- _DATASET ENTRIES_:
-------

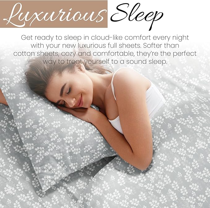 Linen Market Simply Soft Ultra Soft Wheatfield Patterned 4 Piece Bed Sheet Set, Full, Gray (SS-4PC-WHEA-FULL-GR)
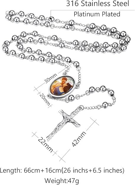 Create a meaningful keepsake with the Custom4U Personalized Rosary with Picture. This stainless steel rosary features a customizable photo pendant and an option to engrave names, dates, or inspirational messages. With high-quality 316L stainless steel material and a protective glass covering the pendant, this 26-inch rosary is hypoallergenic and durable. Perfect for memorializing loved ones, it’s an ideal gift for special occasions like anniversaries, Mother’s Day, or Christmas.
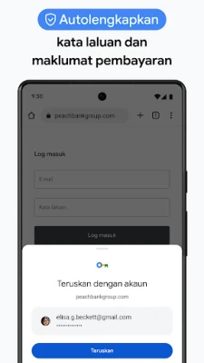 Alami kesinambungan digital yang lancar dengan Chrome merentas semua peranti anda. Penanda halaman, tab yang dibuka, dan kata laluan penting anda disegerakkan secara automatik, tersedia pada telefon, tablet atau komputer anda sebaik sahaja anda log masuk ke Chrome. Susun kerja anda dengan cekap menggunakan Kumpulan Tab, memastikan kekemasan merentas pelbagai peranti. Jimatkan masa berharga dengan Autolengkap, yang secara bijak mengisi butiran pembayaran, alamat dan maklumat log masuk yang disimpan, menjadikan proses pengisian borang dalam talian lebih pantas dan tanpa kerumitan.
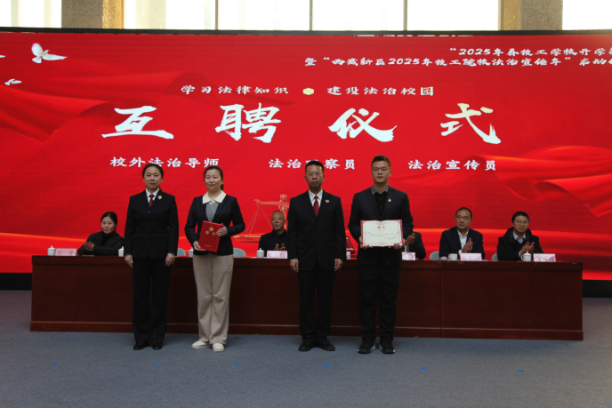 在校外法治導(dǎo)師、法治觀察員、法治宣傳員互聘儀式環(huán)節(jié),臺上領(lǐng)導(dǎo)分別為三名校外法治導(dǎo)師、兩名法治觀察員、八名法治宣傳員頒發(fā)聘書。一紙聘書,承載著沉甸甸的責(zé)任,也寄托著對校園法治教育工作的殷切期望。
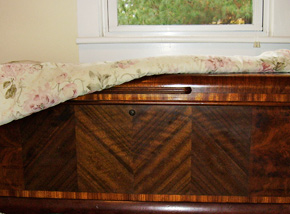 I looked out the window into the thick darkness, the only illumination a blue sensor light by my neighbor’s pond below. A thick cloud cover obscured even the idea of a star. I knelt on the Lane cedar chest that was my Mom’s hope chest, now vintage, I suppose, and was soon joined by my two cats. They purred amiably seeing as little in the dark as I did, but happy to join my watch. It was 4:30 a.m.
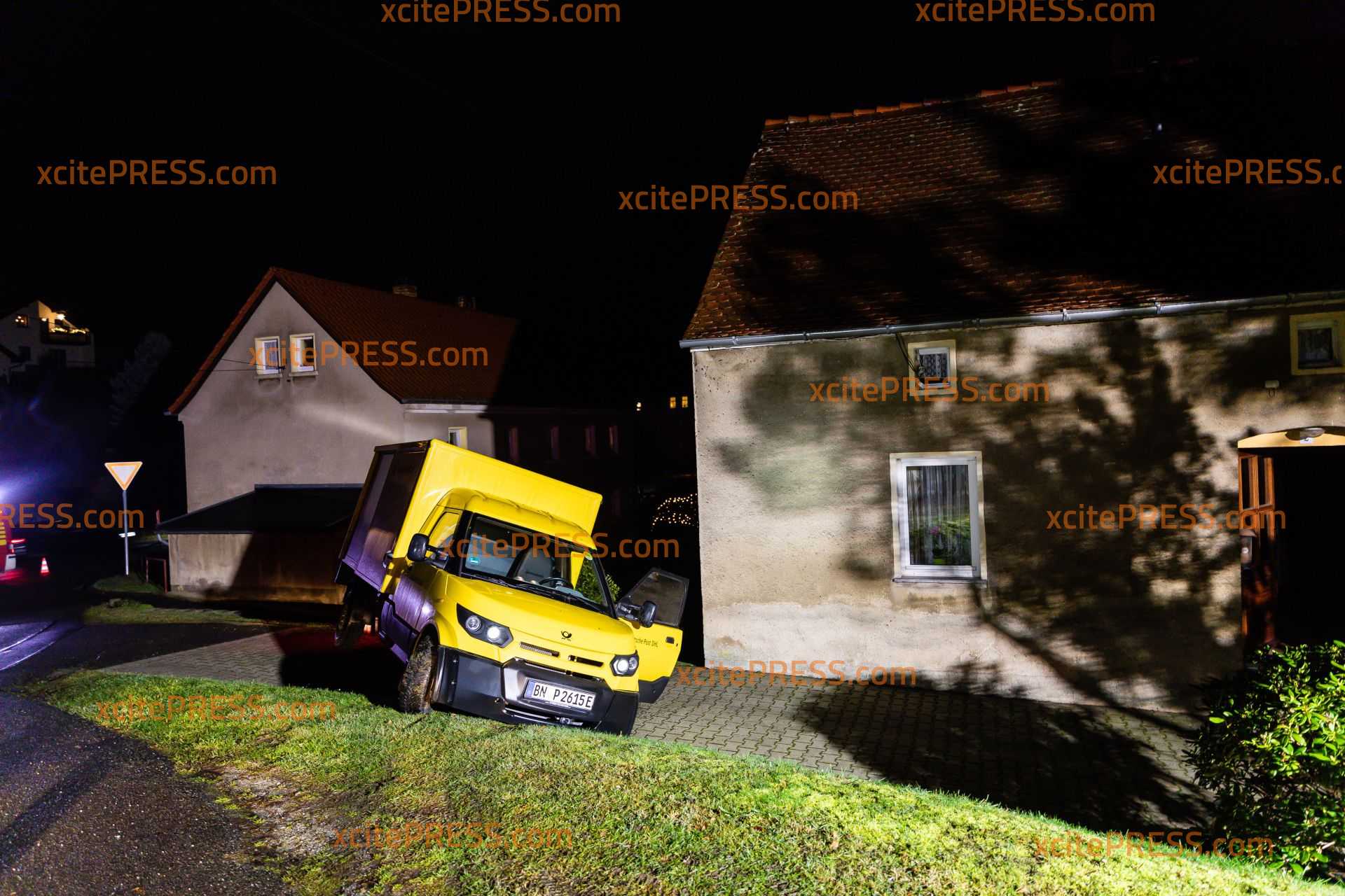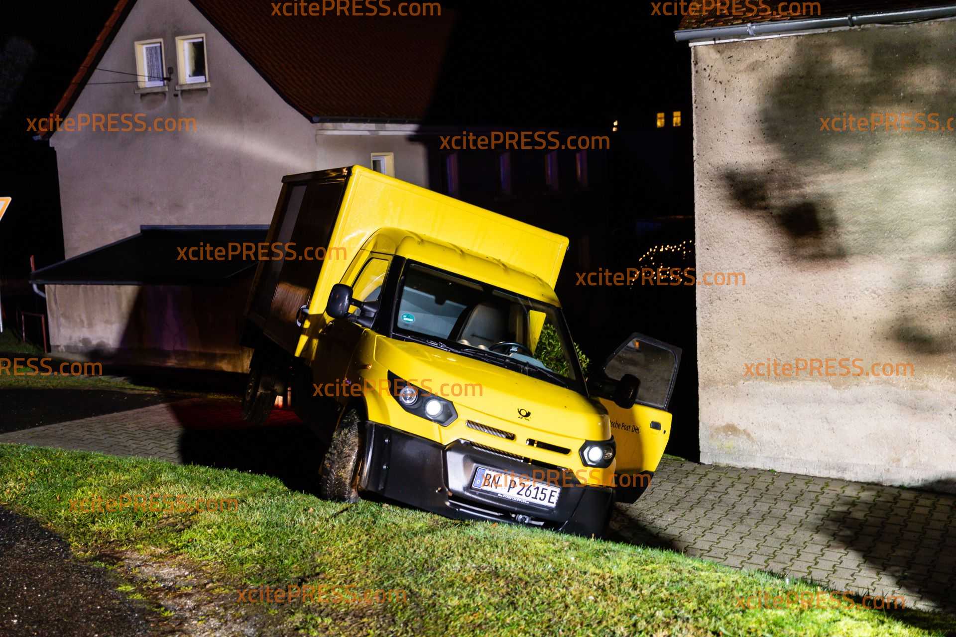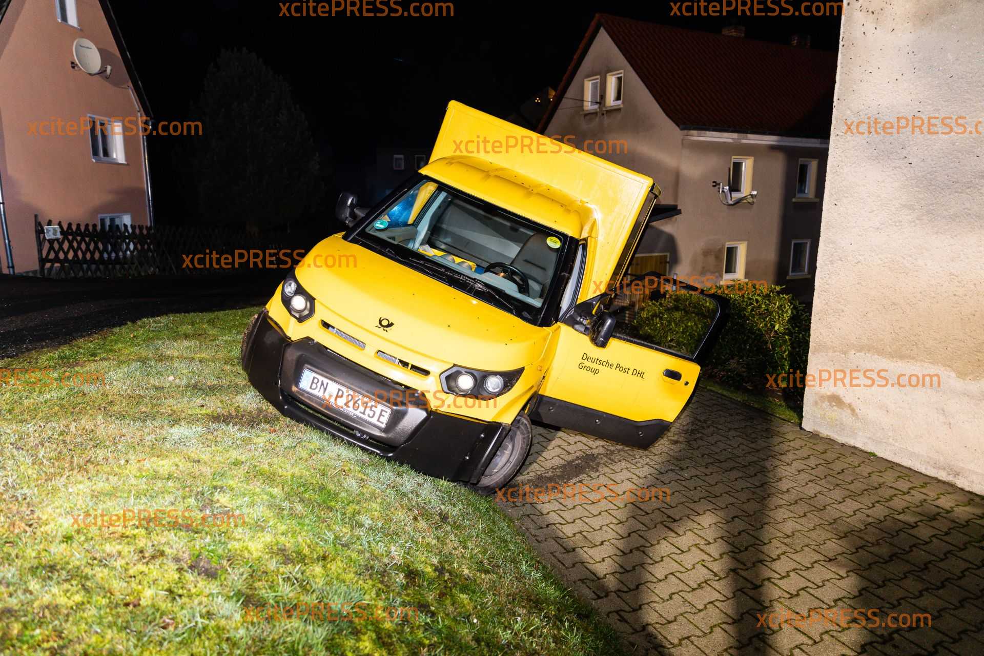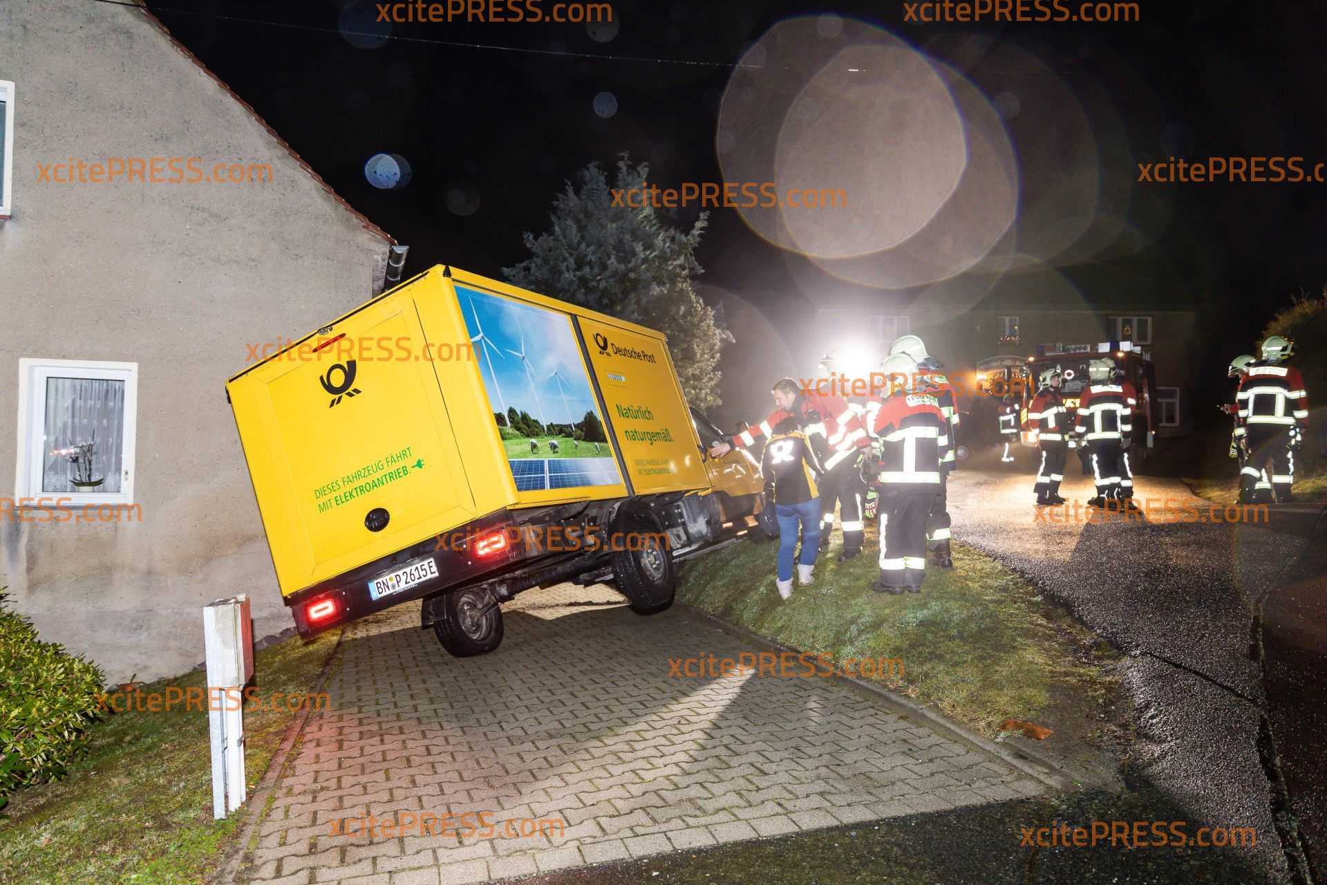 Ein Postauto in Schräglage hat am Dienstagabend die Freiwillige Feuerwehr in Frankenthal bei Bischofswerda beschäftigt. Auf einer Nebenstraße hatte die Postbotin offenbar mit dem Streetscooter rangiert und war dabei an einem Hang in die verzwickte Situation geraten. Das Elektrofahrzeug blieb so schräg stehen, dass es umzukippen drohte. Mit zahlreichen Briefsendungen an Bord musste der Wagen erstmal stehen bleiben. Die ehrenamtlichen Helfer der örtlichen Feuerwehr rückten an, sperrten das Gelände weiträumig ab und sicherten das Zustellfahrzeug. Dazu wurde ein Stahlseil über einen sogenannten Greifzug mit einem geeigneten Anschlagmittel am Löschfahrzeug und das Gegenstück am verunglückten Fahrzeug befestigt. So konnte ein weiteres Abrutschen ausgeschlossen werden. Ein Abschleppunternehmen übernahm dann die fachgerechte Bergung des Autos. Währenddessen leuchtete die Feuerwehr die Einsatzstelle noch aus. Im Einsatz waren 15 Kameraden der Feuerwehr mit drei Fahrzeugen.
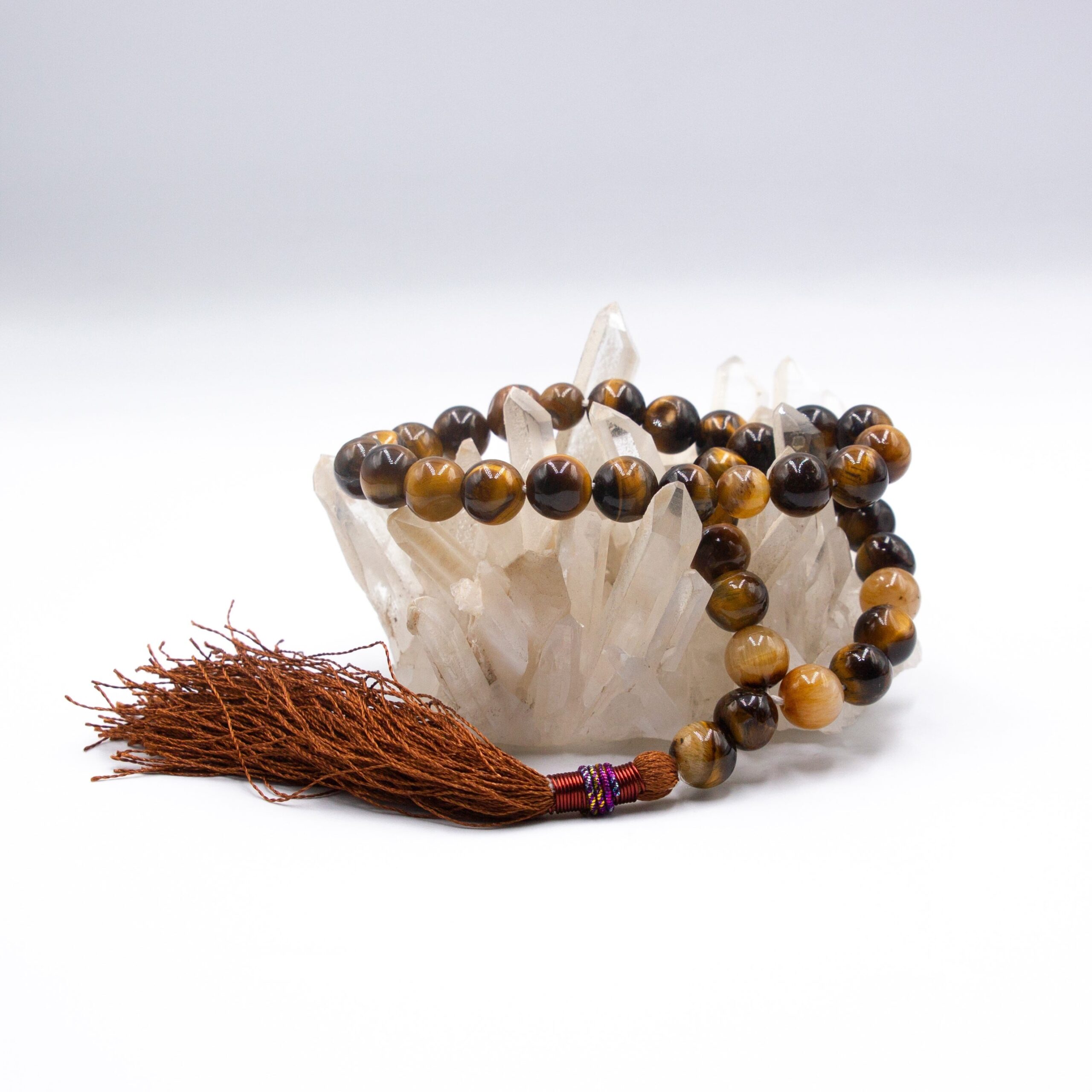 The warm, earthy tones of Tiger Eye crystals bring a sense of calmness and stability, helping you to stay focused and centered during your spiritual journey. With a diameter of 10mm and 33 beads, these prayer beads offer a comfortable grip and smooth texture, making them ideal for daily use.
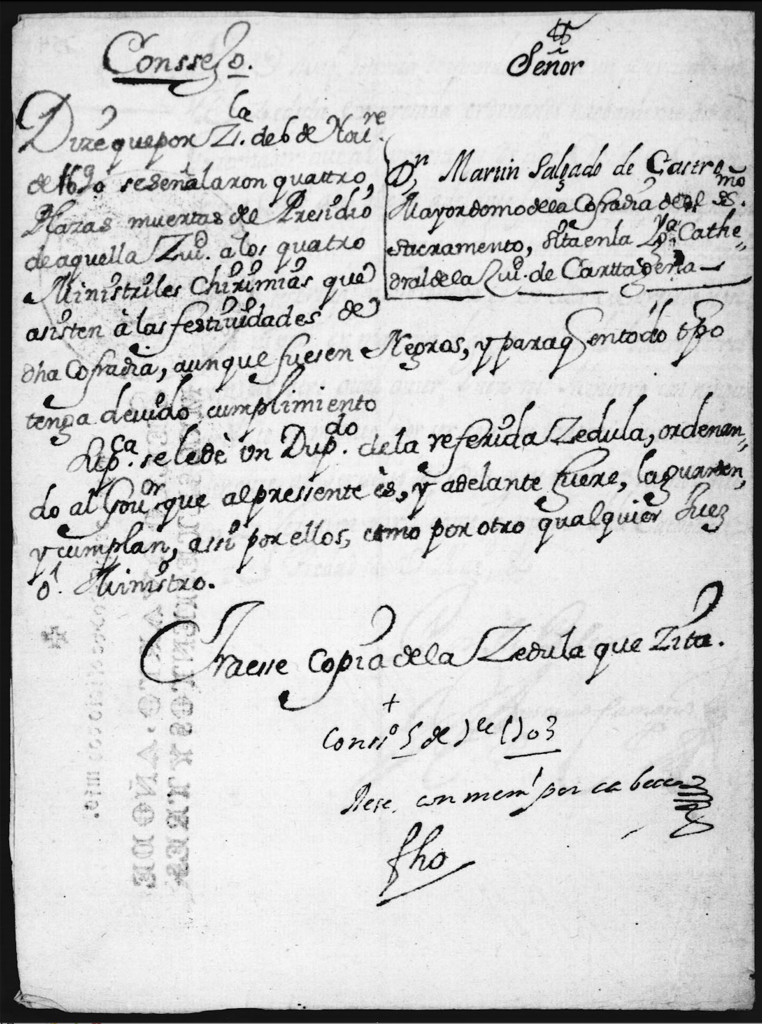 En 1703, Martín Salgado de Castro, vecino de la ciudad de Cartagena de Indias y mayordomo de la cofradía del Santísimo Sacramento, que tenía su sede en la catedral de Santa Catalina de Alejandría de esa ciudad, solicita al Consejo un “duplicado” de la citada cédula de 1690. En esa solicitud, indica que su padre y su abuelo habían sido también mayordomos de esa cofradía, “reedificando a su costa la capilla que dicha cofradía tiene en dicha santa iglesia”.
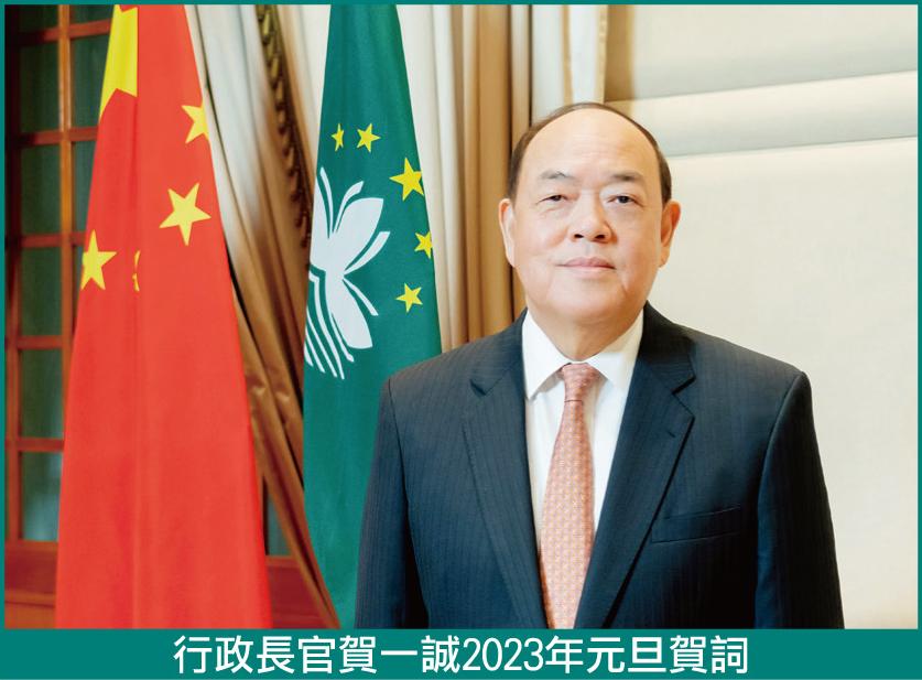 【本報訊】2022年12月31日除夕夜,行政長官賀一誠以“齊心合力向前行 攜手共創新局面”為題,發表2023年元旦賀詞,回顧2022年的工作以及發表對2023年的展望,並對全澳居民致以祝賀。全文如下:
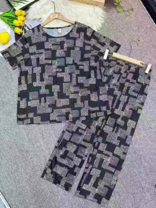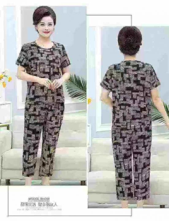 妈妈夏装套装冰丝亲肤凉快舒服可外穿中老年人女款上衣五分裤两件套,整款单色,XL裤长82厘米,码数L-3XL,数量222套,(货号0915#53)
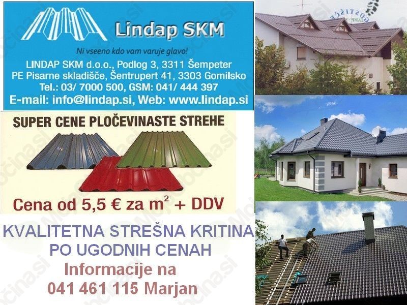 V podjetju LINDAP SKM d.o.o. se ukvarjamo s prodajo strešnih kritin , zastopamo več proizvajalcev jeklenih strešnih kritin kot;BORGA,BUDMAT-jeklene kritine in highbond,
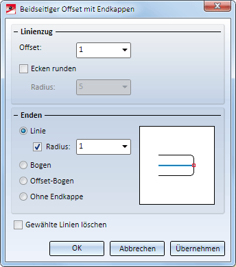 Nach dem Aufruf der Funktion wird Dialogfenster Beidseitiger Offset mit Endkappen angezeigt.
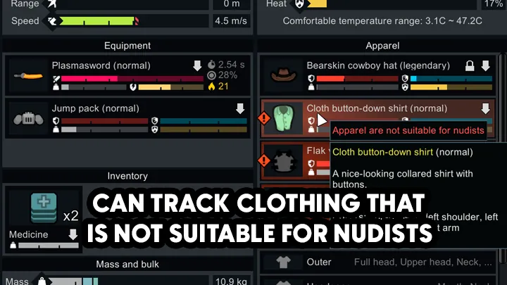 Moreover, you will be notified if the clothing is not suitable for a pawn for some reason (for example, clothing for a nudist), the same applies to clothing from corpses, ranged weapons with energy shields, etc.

-------

- _WHAT YOU NEED TO DO_: Leave out the pictures and repeat the remaining data exactly.

- _SOLVED PROBLEM_:
 Linen Market Simply Soft Ultra Soft Wheatfield Patterned 4 Piece Bed Sheet Set, Full, Gray (SS-4PC-WHEA-FULL-GR)
 Create a meaningful keepsake with the Custom4U Personalized Rosary with Picture. This stainless steel rosary features a customizable photo pendant and an option to engrave names, dates, or inspirational messages. With high-quality 316L stainless steel material and a protective glass covering the pendant, this 26-inch rosary is hypoallergenic and durable. Perfect for memorializing loved ones, it’s an ideal gift for special occasions like anniversaries, Mother’s Day, or Christmas.
 Alami kesinambungan digital yang lancar dengan Chrome merentas semua peranti anda. Penanda halaman, tab yang dibuka, dan kata laluan penting anda disegerakkan secara automatik, tersedia pada telefon, tablet atau komputer anda sebaik sahaja anda log masuk ke Chrome. Susun kerja anda dengan cekap menggunakan Kumpulan Tab, memastikan kekemasan merentas pelbagai peranti. Jimatkan masa berharga dengan Autolengkap, yang secara bijak mengisi butiran pembayaran, alamat dan maklumat log masuk yang disimpan, menjadikan proses pengisian borang dalam talian lebih pantas dan tanpa kerumitan.
 在校外法治導(dǎo)師、法治觀察員、法治宣傳員互聘儀式環(huán)節(jié),臺上領(lǐng)導(dǎo)分別為三名校外法治導(dǎo)師、兩名法治觀察員、八名法治宣傳員頒發(fā)聘書。一紙聘書,承載著沉甸甸的責(zé)任,也寄托著對校園法治教育工作的殷切期望。
 I looked out the window into the thick darkness, the only illumination a blue sensor light by my neighbor’s pond below. A thick cloud cover obscured even the idea of a star. I knelt on the Lane cedar chest that was my Mom’s hope chest, now vintage, I suppose, and was soon joined by my two cats. They purred amiably seeing as little in the dark as I did, but happy to join my watch. It was 4:30 a.m.
 Ein Postauto in Schräglage hat am Dienstagabend die Freiwillige Feuerwehr in Frankenthal bei Bischofswerda beschäftigt. Auf einer Nebenstraße hatte die Postbotin offenbar mit dem Streetscooter rangiert und war dabei an einem Hang in die verzwickte Situation geraten. Das Elektrofahrzeug blieb so schräg stehen, dass es umzukippen drohte. Mit zahlreichen Briefsendungen an Bord musste der Wagen erstmal stehen bleiben. Die ehrenamtlichen Helfer der örtlichen Feuerwehr rückten an, sperrten das Gelände weiträumig ab und sicherten das Zustellfahrzeug. Dazu wurde ein Stahlseil über einen sogenannten Greifzug mit einem geeigneten Anschlagmittel am Löschfahrzeug und das Gegenstück am verunglückten Fahrzeug befestigt. So konnte ein weiteres Abrutschen ausgeschlossen werden. Ein Abschleppunternehmen übernahm dann die fachgerechte Bergung des Autos. Währenddessen leuchtete die Feuerwehr die Einsatzstelle noch aus. Im Einsatz waren 15 Kameraden der Feuerwehr mit drei Fahrzeugen.
 The warm, earthy tones of Tiger Eye crystals bring a sense of calmness and stability, helping you to stay focused and centered during your spiritual journey. With a diameter of 10mm and 33 beads, these prayer beads offer a comfortable grip and smooth texture, making them ideal for daily use.
 En 1703, Martín Salgado de Castro, vecino de la ciudad de Cartagena de Indias y mayordomo de la cofradía del Santísimo Sacramento, que tenía su sede en la catedral de Santa Catalina de Alejandría de esa ciudad, solicita al Consejo un “duplicado” de la citada cédula de 1690. En esa solicitud, indica que su padre y su abuelo habían sido también mayordomos de esa cofradía, “reedificando a su costa la capilla que dicha cofradía tiene en dicha santa iglesia”.
 【本報訊】2022年12月31日除夕夜,行政長官賀一誠以“齊心合力向前行 攜手共創新局面”為題,發表2023年元旦賀詞,回顧2022年的工作以及發表對2023年的展望,並對全澳居民致以祝賀。全文如下:
 妈妈夏装套装冰丝亲肤凉快舒服可外穿中老年人女款上衣五分裤两件套,整款单色,XL裤长82厘米,码数L-3XL,数量222套,(货号0915#53)
 V podjetju LINDAP SKM d.o.o. se ukvarjamo s prodajo strešnih kritin , zastopamo več proizvajalcev jeklenih strešnih kritin kot;BORGA,BUDMAT-jeklene kritine in highbond,
 Nach dem Aufruf der Funktion wird Dialogfenster Beidseitiger Offset mit Endkappen angezeigt.
 Moreover, you will be notified if the clothing is not suitable for a pawn for some reason (for example, clothing for a nudist), the same applies to clothing from corpses, ranged weapons with energy shields, etc.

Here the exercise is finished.